When two-dimensional scatters aren’t sufficient, turn to the ternary chart
The vast majority of data visualisation deals with data presented in two spatial dimensions. Take a line chart, a bar or a column chart, or an x-y scatter. Each one takes two variables — GDP and time, for example — and plots them in a two-dimensional space. But there is a chart in the toolkit that breaks that mould: a three-dimensional scatter called a “ternary” plot. In recent years these plots have mostly been confined to specialist publications (examples can be seen here, here and here). This is the story of how we used the ternary chart to map the Brexit conundrum for an article for The Economist.
In February 2019 we published an article in the “Graphic detail” section of the newspaper about Brexit. For the piece we looked at which demographic variables affect an individual’s attitude towards Britain’s future relationship with the European Union: whether they wanted a deal; favoured “no deal”; or wanted to remain in the EU altogether.
How did our tri-chart come together?

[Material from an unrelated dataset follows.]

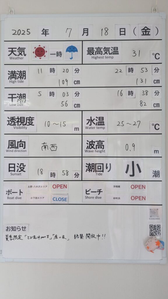 2025年7月18日 / 最終更新日 : 2025年7月18日 toids2021 海況情報 ビーチ&ボートともに【OPEN】です。 小下田エリアにはうねりが大きく残るため、ボートは八木沢エリアのみのOPENといたします。 ビーチは南西風耐性が高く影響ナシ、非常に穏やかで問題なく潜れます! FacebookXCopy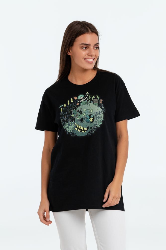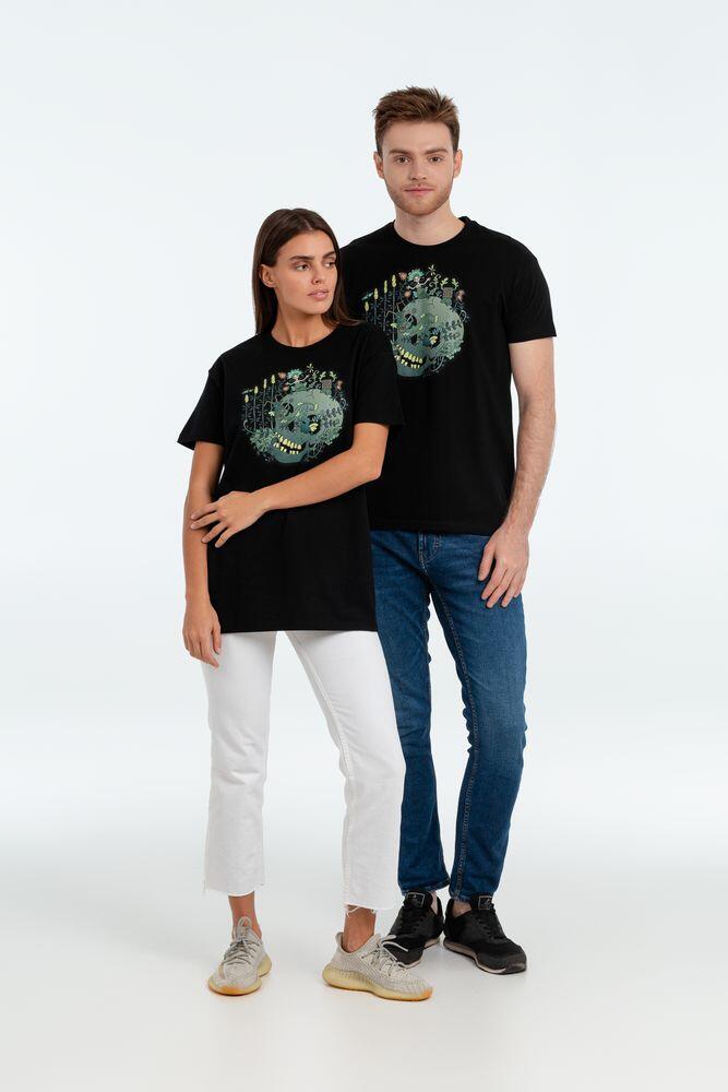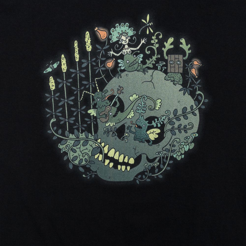 Дизайн футболки «Серенада» представляет собой своеобразную русскую готику в остроумном переосмыслении художника.

Firstly, we owe a debt of gratitude to YouGov, the polling organisation that provided us with data for 90,000 unique responses to a single question:
“The UK is currently scheduled to leave the EU on 29 March 2019. UK and EU negotiators recently completed an agreement on the terms of the UK’s exit from the EU, but this proposed deal has yet to be confirmed by the UK House of Commons. From most preferred to least preferred, how would you rank the following three options?”

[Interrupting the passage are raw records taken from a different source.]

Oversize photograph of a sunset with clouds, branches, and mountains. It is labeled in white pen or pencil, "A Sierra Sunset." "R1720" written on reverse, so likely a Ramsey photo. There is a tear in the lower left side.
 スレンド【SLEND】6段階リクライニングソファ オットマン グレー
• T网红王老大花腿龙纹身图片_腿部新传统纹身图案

No Deal: leave the EU without a withdrawal agreement.
Proposed Deal: leave the EU under the terms of the negotiated agreement.
Remain: stop the exit process and remain in the EU.

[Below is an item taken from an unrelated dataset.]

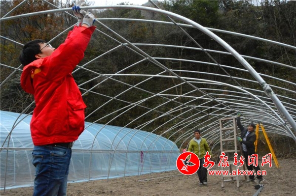 11月27日,筆者在蔬菜水果種植基地看到,扶貧隊(duì)員何正義正帶領(lǐng)十多位群眾搭建大棚。何正義介紹,在完善銷售平臺的同時(shí),燎原村也在迅速培育增收產(chǎn)業(yè),新建五個(gè)大棚將用來種植冬棗的。
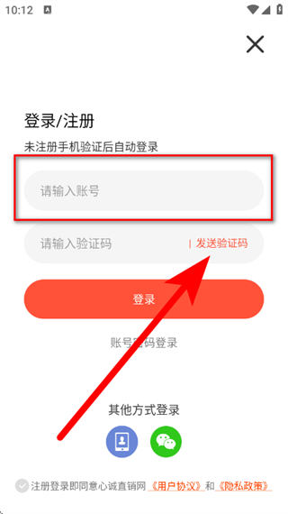 3、在登錄注冊頁面,輸入賬號或手機(jī)號,點(diǎn)擊發(fā)送驗(yàn)證碼。

That question was asked over a 12-day period at the end of November to the beginning of December 2018. Along with each anonymous person’s response, YouGov provided us with detailed demographic variables: the respondents’ age; sex; education status; household income; region, previous voting history; and so on. We spent some time importing the codebooks and cleaning the data, to turn “pid=4” into “party=Labour”, for example. Here’s a snippet of our R code, an open-source statistical-programming language that demonstrates that process.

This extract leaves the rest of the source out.